Let’s be thankful we have sport to escape our country’s bleak reality
Letters to the editor: our readers share their views. Please send your letters to letters@independent.co.uk
Jess Phillips is right: it is so disheartening to come down to earth with such a resounding bump after the great and energising Commonwealth Games and, of course, the fabulous Lionesses. But my word, do we need these great sporting escapes from our beleaguered everyday reality.

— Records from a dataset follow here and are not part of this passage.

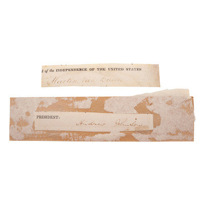 [With:] Clipped secretarial signatures of Andrew Johnson ("Andrew Johnson," 1767-1845, President 1829-1837) and Martin van Buren ("Martin van Buren," 1782-1862, President 1837-1841). Each 1 x 5.5 in.
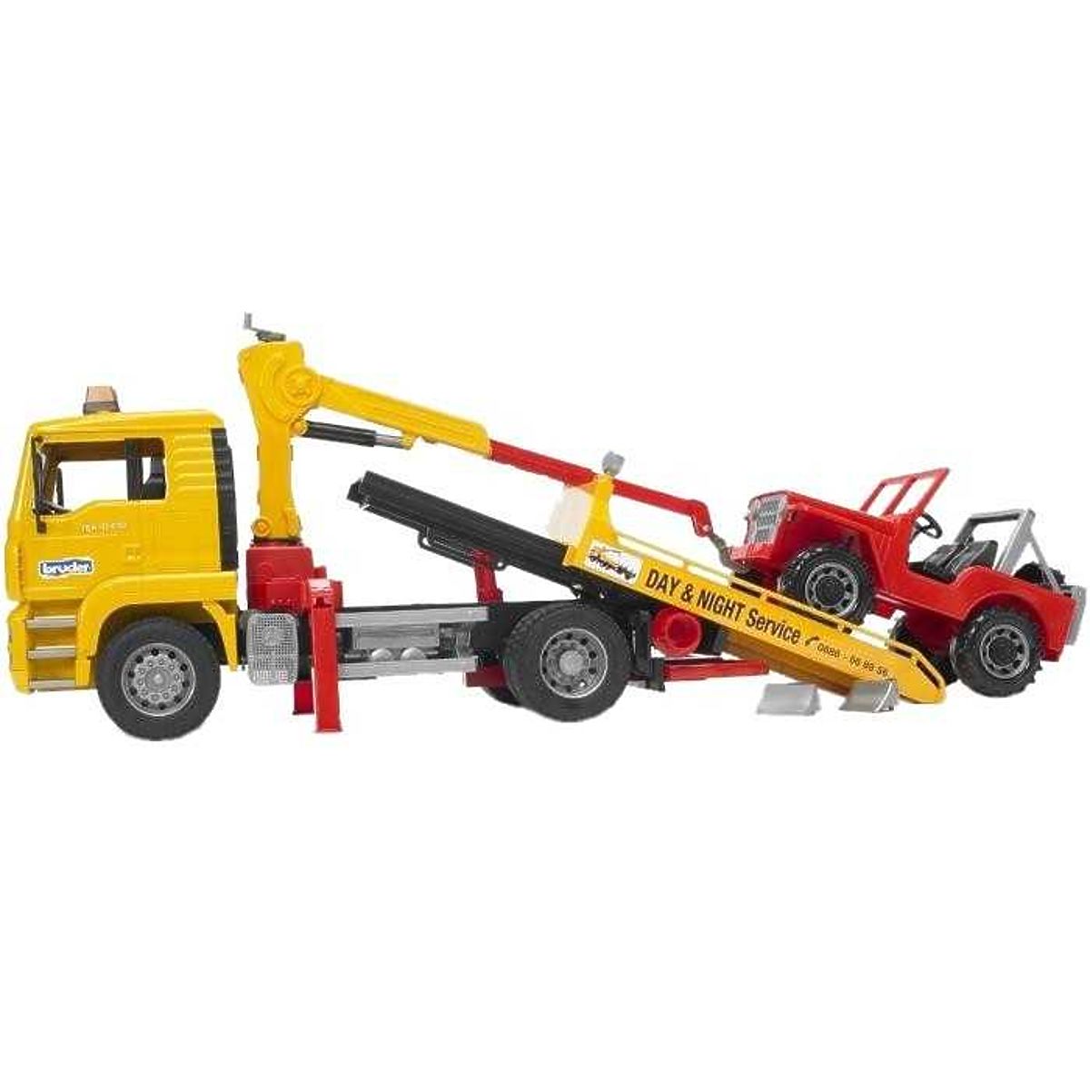 Camion de remorcare Bruder MAN + Jeep Serviciul de remorcare + Jeep este un camion de remorcare inclusiv un jeep. Camionul de remorcare MAN TGA are o cabină rabatabilă, permițând vizualizarea blocului motorului și un parbriz fabricat din policarbonat extrem de rezistent și indestructibil. În spatele cabinei se află un braț de manipulare rotativ funcțional, care poate fi extins și este echipat cu lanțuri și segmente de prindere pentru o manipulare ușoară a jeepului. Suprastructura are pene de sprijin și suporturi rabatabile pentru o stabilitate de 100% a camionului de remorcare complet încărcat. Jeep-ul off-road are capota motorului deschizabilă, partea frontală poate fi rabatată și are o direcție axială foarte simplă. La camionul de remorcare se pot achiziționa și instala un far și un semnal sonor (BR2801) și, de asemenea, o lamă frontală (BR2775). Fabricat în Germania, din materiale de calitate. Principalele caracteristici: camion cu Jeep cabină rabatabilă capotă motor deschizabilă partea frontală rabatabilă braț de manipulare rotativ fabricat în Germania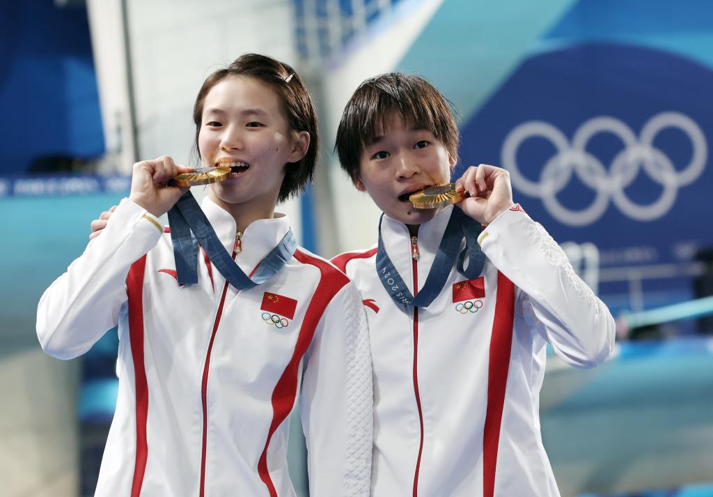 7月31日,冠軍中國(guó)選手陳芋汐(左)/全紅嬋在頒獎(jiǎng)儀式上。當(dāng)日,在巴黎奧運(yùn)會(huì)跳水女子雙人十米臺(tái)決賽中,陳芋汐/全紅嬋奪得金牌。新華社記者 張玉薇 攝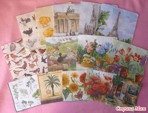 Мне настолько понравилась эта идея, что я захотела попробовать. Для начала прикупила салфеток. До этого я не пробовала технику декупажа, но представление о ней имела.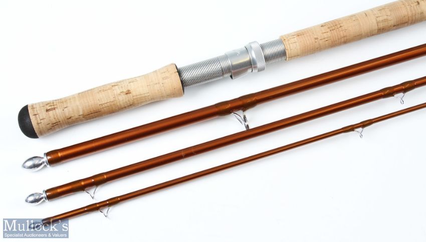 Hardy Alnwick The Angle Salmon Fly Rod, 15ft 4pc line 10#, 26" handle with alloy down locking reel seat, lined stripping rings, light use, original cloth bag and Cordura rod tube with leather Hardy badge. Very nice
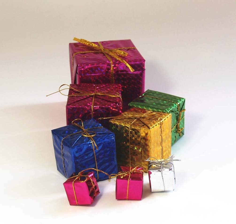 Boîte- en mousse de Noël Mini boîtes brillantes ornements pièce maîtresse de paquet miniature emballé dans une feuille métallique pour pendentif suspendu intérieur extérieur d’arbre de Noël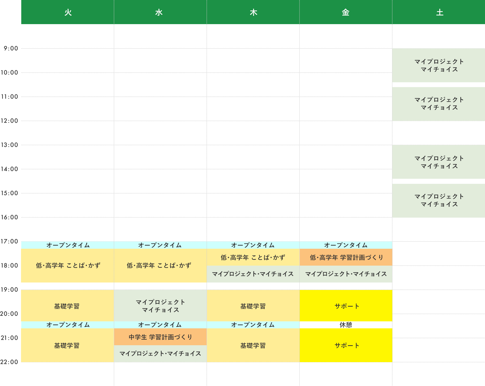 | 学習計画づくり | その週または翌週に何を学ぶのかを、子ども自身が決める |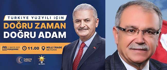 İlçemiz adına büyük kazanımların yaşandığı bir dönemde seçimi demokrasi şölenine çevirmek adına son başbakanımız partimizin Genel Başkanvekili Sayın Binali Yıldırım ilçemize gelerek 11 Mayıs Perşembe Günü Saat 11:00 de Milli İrade Meydanında düzenleyeceğimiz mitingde söz değerli halkımıza hitap edecektir. Tüm ilçe halkımızı coşkuya ortak olmaya, meydanı Reisimize yakışır şekilde doldurmaya davet ediyorum.” Şeklinde konuştu.
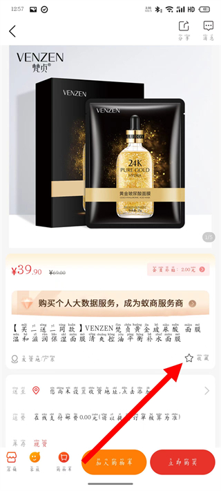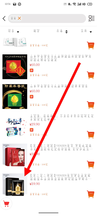 4、在面膜商品列表中,点击目标商品,进入详情页。

Pity we can’t escape this torturous leadership contest, with such polarised views being expounded at length by the two candidates. She is so right: how did we become so accustomed to the idea of food banks, which are so necessary to so many people? We have several more weeks of this political grandstanding, but what’s the betting it will then become government business as usual and disillusionment will set in, even with the Conservative members, who hold their loyalty placards with such hope over actual experience, I should imagine.
Judith A Daniels
Norfolk
This is a climate emergency
We are in a climate change crisis. Instead of promising tax cuts and cash handouts to “solve” the energy price hikes, this is the opportunity for our democratically elected government to put in place measures to address the climate crisis and potentially prevent such occurrences happening in the future.
Alan Barratt
Bristol
Why haven’t we banned flares?
So much of today’s Independent is about the weather, which reflects the disastrous cost of living situation. The temperature is too high, the water situation is not being managed properly, workers are striking with frustration, there is a drought in half of England, with many hosepipe bans.
We have to use some power to cook and eat at home, some power to travel and yet, in all sporting events, it is fashionable to blast flares into the air, flames of 20 feet or more.
The flares burn propane and put three times the weight of the propane into the atmosphere as carbon dioxide. Any pollution that can be avoided should be avoided. Flares should be banned.
Every small amount matters: probably only responsible for one house in California catching fire, maybe an extra acre of land ruined by drought in Australia, a few extra houses flooded in this country.
Organisers should donate a small amount to a charity instead of using flares. Something that can be used to proudly promote the organiser rather than them being labelled as a climate destroyer.
Robert Murray
Nottingham
Dethroned by his own people
As Johnson preens his air-brushed, blow-dried image and looks for further ways to act as an overpaid irritant, let’s not forget why he has left office.
It was not because he failed to deliver on his promises, oversaw incompetence in most government departments, constantly distorted the truth when called to account for his actions, lacked moral leadership and treated the public with disdain. It was because the parliamentary party decided that he was becoming unelectable.
The same MPs gave him a standing ovation after his final PMQs and are complicit now, alongside the Tory press, in rehabilitating a man who should be hanging his head in shame.
Just like the Republican Party in its sanitising of the execrable Trump, it is hard to know who is more to be despised: the Conservative Party or he who would still be “king of the world”.
Graham Powell
Cirencester
Water disaster
It shouldn’t take environment secretary George Eustice making an approach to water company executives to bring home to them that there is, and has been for some time, a cataclysmic situation pending.
Unfortunately, the top people managing the water companies, on their obscene salaries with eye-watering bonuses, are so taken up with profits and share values they have neither interest nor understanding of their many millions of consumers’ needs.
A quick glance at the backgrounds of these people shows the vast majority are financial specialists of one kind or another. Civil engineers, the people who designed and then brought about construction of all the infrastructure – and then maintained it until the big companies took over in 1989 – are about as rare as hens’ teeth.